The human mind fully recognizes that anything worth possessing must of necessity be gained through sacrifice. And it has become a proverb, that that which costs little is valued as little. Our subject is overcoming, or denying as we express it in Christian Science, and we use the word in the sense of subduing, or vanquishing. The inevitable necessity for overcoming is indelibly stamped in the web and woof of mortal existence. Did you ever think of the little child, when its habits of observation are awakening and its faculty of associating its ideas in orderly sequence as cause and effect, are beginning to unfold? He does not know right from wrong. Everything becomes an education. Thus with us, as with the little child, the conflict with the world and its beliefs begins, and must be overcome, and with a fixed, definite purpose to fathom the heights and depths of all the resources within the scope of human knowledge, the days stretch into years. The scholar says, "At last I have conquered. I am accounted master of natural science." The poor boy who sets out to conquer poverty, says, after years of combating, competition, and following the monopolies, "I have overcome poverty, and through the path of strict economy, I am at last a millionaire." The patient, persistent boy at last wins renown as a statesman. Ask the scholar, the millionaire, the statesman, if their laurels were easily gained, and they will tell you of years of undivided effort, of patience and perseverance in the midst of defeat, never losing sight of the one crowning ideal, whether scholarship, riches, or statesmanship.

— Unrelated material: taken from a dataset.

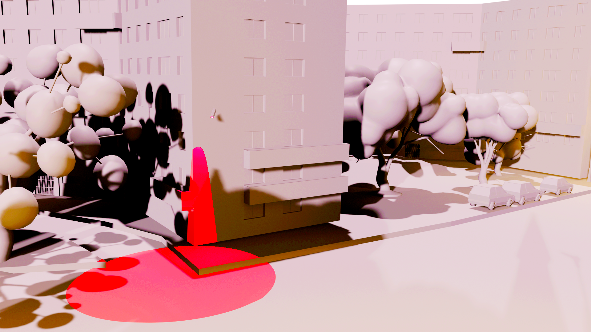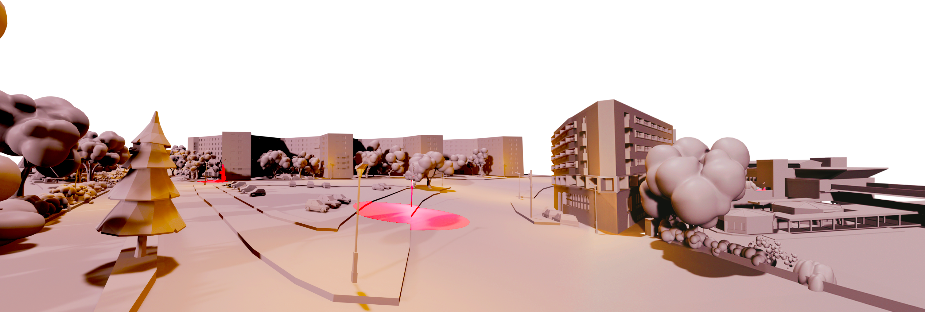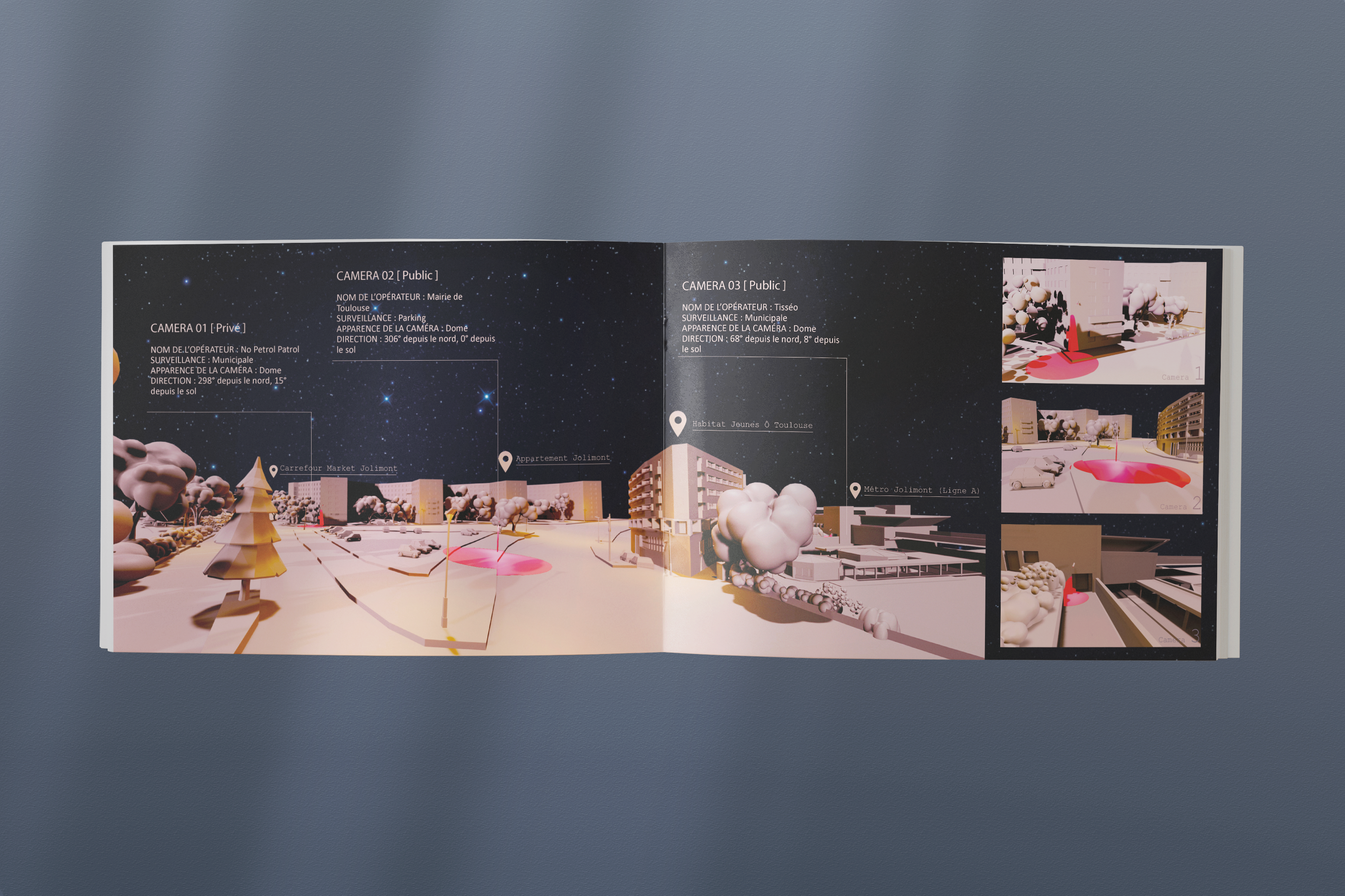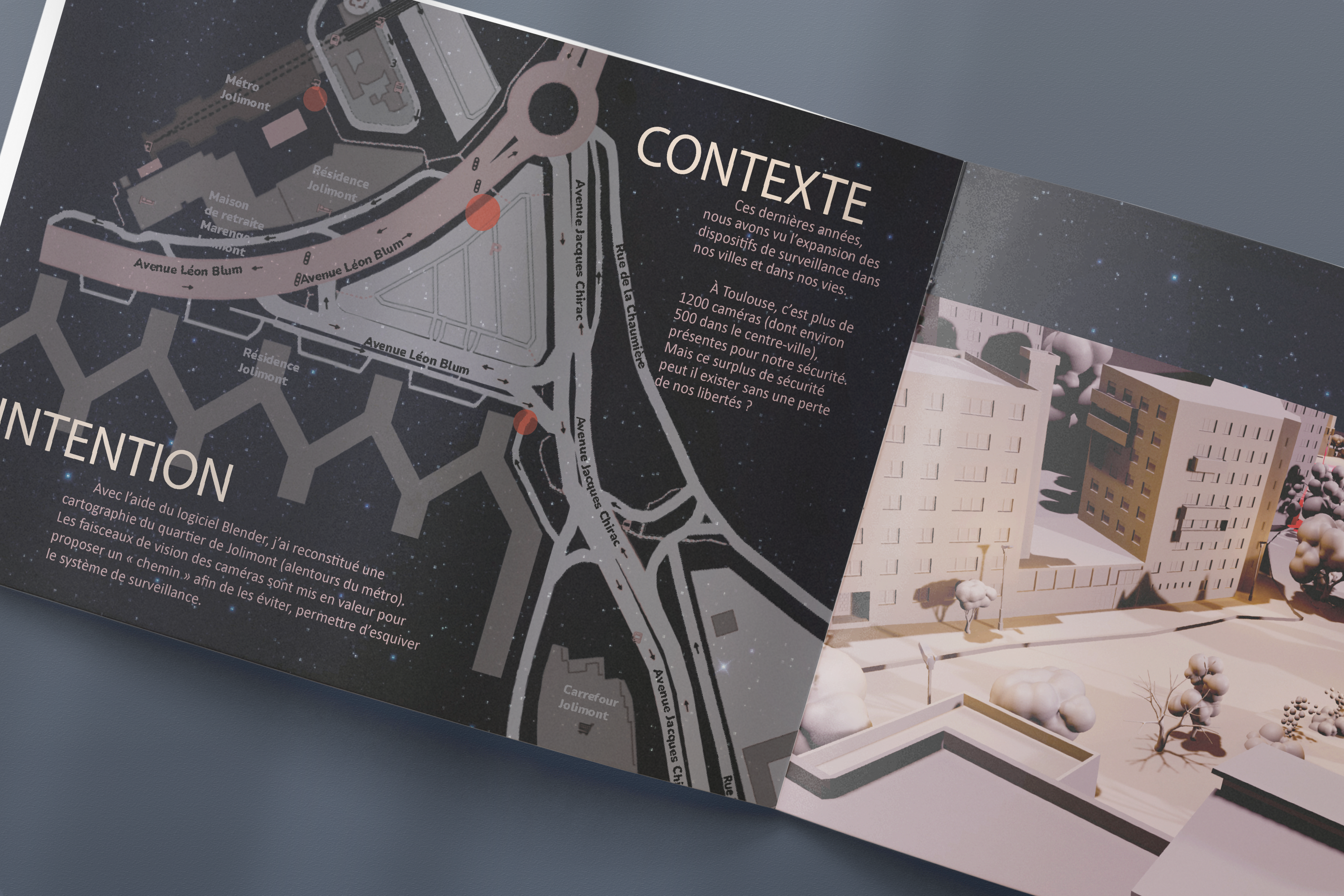 À l’aide du logiciel Blender, j'ai réalisé une cartographie 3D détaillée du quartier de Jolimont où j’habite. La position et la vision des caméras sont représentées par des faisceaux rouges, ce qui permette de trouver un chemin afin d’esquiver le système de surveillance.

No man or woman can rise in the scale of development from any plane of thought, who has no plans, no fixed purpose, but simply drifts in the tide of mortal opinions. The lesson of overcoming, rising superior to the obstacles that prevent the consummation of these ideas and purposes, is the basis of all the activities called commerce, art, invention: and our civilization and faith are the motive power for the achievement of these results. From things visible, we learn of the invisible, and so we perceive the meaning and demands of that which our subject would teach.

What is the primal thought in the human mind in overcoming? Is it not for self? And the human will-power, which is always selfish, takes to itself all credit. The promise of our text is utterly devoid of meaning to one who looks from this basis of action. Whatever may seem to be gained from conflict with the world, using the worldly weapon of self-will, is fleeting and unstable, and will surely come to naught.